BEGIN INPUT

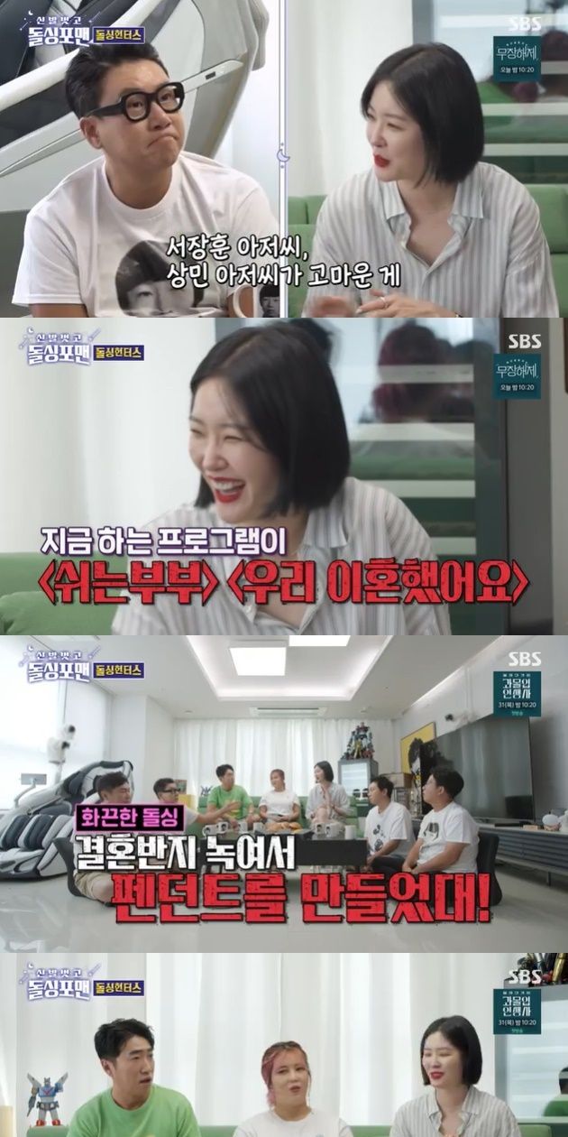 이를 듣던 개그맨 장동민이 "그건 출소할 때 새기는 거 아니냐"라며 너스레를 떨었다. 이어 '돌싱포맨' 멤버인 탁재훈, 이상민, 김준호, 임원희를 향해 "결혼반지 다들 어떻게 했냐"라면서 기습 질문을 던져 폭소를 유발했다.
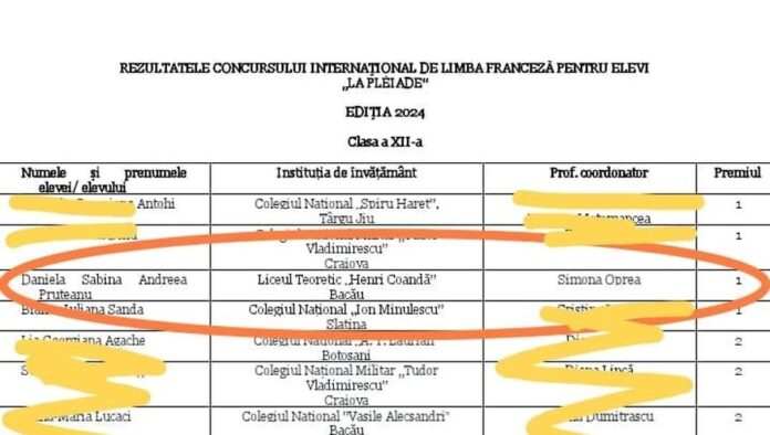Daniela Pruteanu, elevă în clasa a 12-a la Liceul Teoretic „Henri Coandă” din Bacău, a adus bucurie și mândrie școlii sale obținând recent Premiul I la prestigiosul concurs internațional de limba franceză „La Pléiade”. Evenimentul a fost organizat de Facultatea de Litere, Istorie și Teologie din Timișoara.
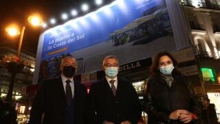 Por primera vez, las tres lonas gigantes de alto impacto, que son las más vistas de España ubicadas en la plaza más popular de la capital de España, están ocupadas por una única marca. "Se trata de espacios habitualmente reservados para las marcas más prestigiosas del mundo y, en esta ocasión, la marca más valiosa en ámbito turístico toma ese lugar", dijo el presidente de Turismo Costa del Sol, Francisco Salado. Se trata de imágenes de los segmentos turísticos de golf, interior, gastronomía y sol y playa, claves para nuestro destino.
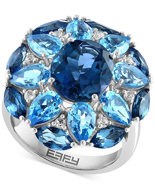 Effy London Blue Topaz (4-1/5 ct. t.w.) & Diamond (1/8 ct. t.w.) Halo Statement Ring in 14k Gold
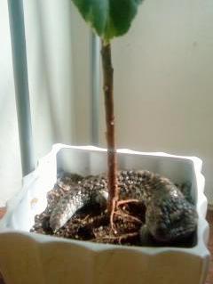 室内においてある植木の鉢に登って眠るのが好きなZzzz。
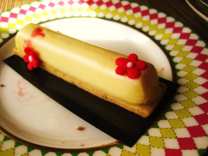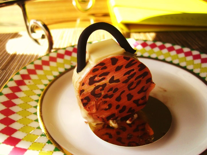 The second creation was inspired by Prada‘s typical sleek elegance, a log of Grand Marnier white chocolate set on a biscuit base and embellished with hard iced, red petite fleurs.
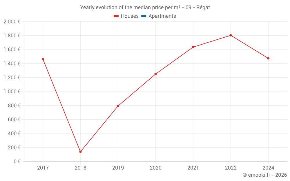 Real estate price map in the municipality of Régat, choose a section to see transactions by parcel.
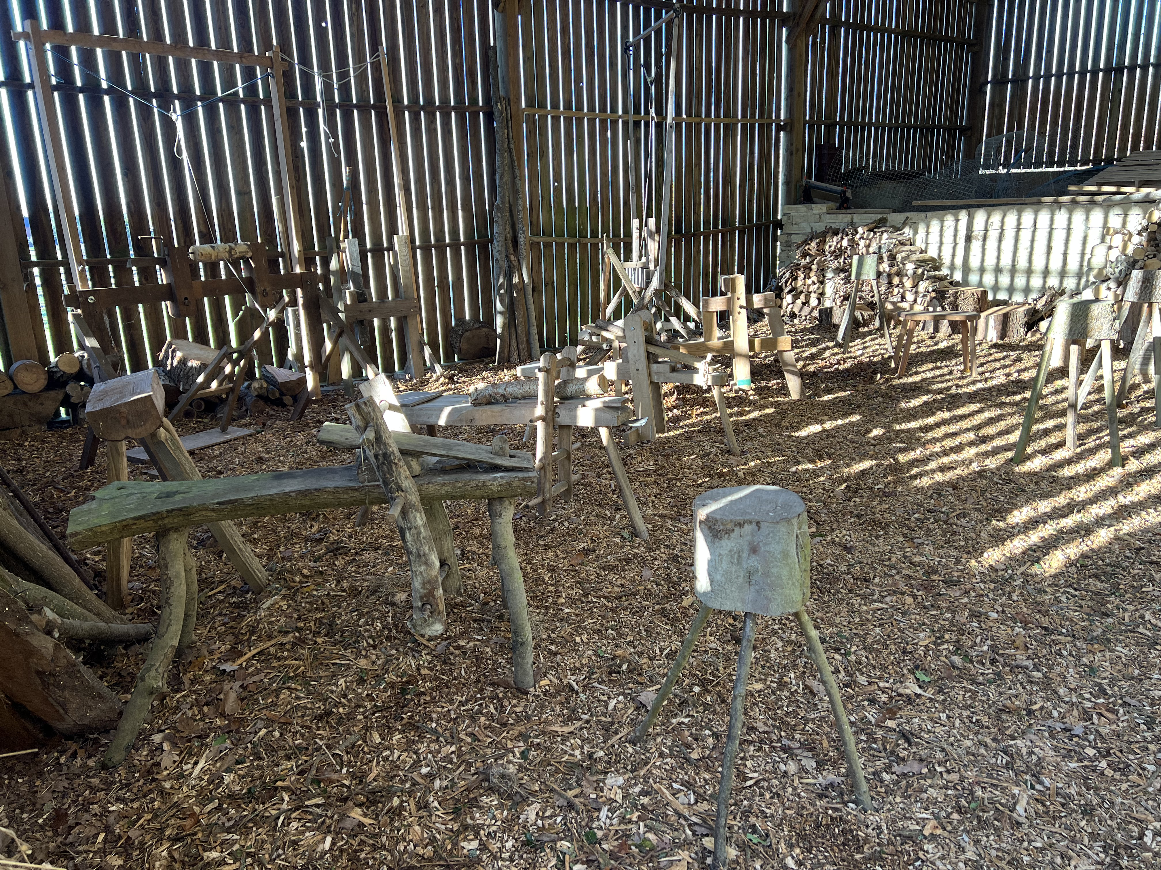 We have some green wood bodging lathes, shaving horses and benches. Typical projects might range from simple spoons and light pulls, through to stools or chairs and anything in-between.

END INPUT

**YOUR TASK:**
Would you please print the entries once more, word for word, minus the pictures?

**FINISHED EXERCISE:**
 이를 듣던 개그맨 장동민이 "그건 출소할 때 새기는 거 아니냐"라며 너스레를 떨었다. 이어 '돌싱포맨' 멤버인 탁재훈, 이상민, 김준호, 임원희를 향해 "결혼반지 다들 어떻게 했냐"라면서 기습 질문을 던져 폭소를 유발했다.
Daniela Pruteanu, elevă în clasa a 12-a la Liceul Teoretic „Henri Coandă” din Bacău, a adus bucurie și mândrie școlii sale obținând recent Premiul I la prestigiosul concurs internațional de limba franceză „La Pléiade”. Evenimentul a fost organizat de Facultatea de Litere, Istorie și Teologie din Timișoara.
 Por primera vez, las tres lonas gigantes de alto impacto, que son las más vistas de España ubicadas en la plaza más popular de la capital de España, están ocupadas por una única marca. "Se trata de espacios habitualmente reservados para las marcas más prestigiosas del mundo y, en esta ocasión, la marca más valiosa en ámbito turístico toma ese lugar", dijo el presidente de Turismo Costa del Sol, Francisco Salado. Se trata de imágenes de los segmentos turísticos de golf, interior, gastronomía y sol y playa, claves para nuestro destino.
 Effy London Blue Topaz (4-1/5 ct. t.w.) & Diamond (1/8 ct. t.w.) Halo Statement Ring in 14k Gold
 室内においてある植木の鉢に登って眠るのが好きなZzzz。
 The second creation was inspired by Prada‘s typical sleek elegance, a log of Grand Marnier white chocolate set on a biscuit base and embellished with hard iced, red petite fleurs.
 Real estate price map in the municipality of Régat, choose a section to see transactions by parcel.
 We have some green wood bodging lathes, shaving horses and benches. Typical projects might range from simple spoons and light pulls, through to stools or chairs and anything in-between.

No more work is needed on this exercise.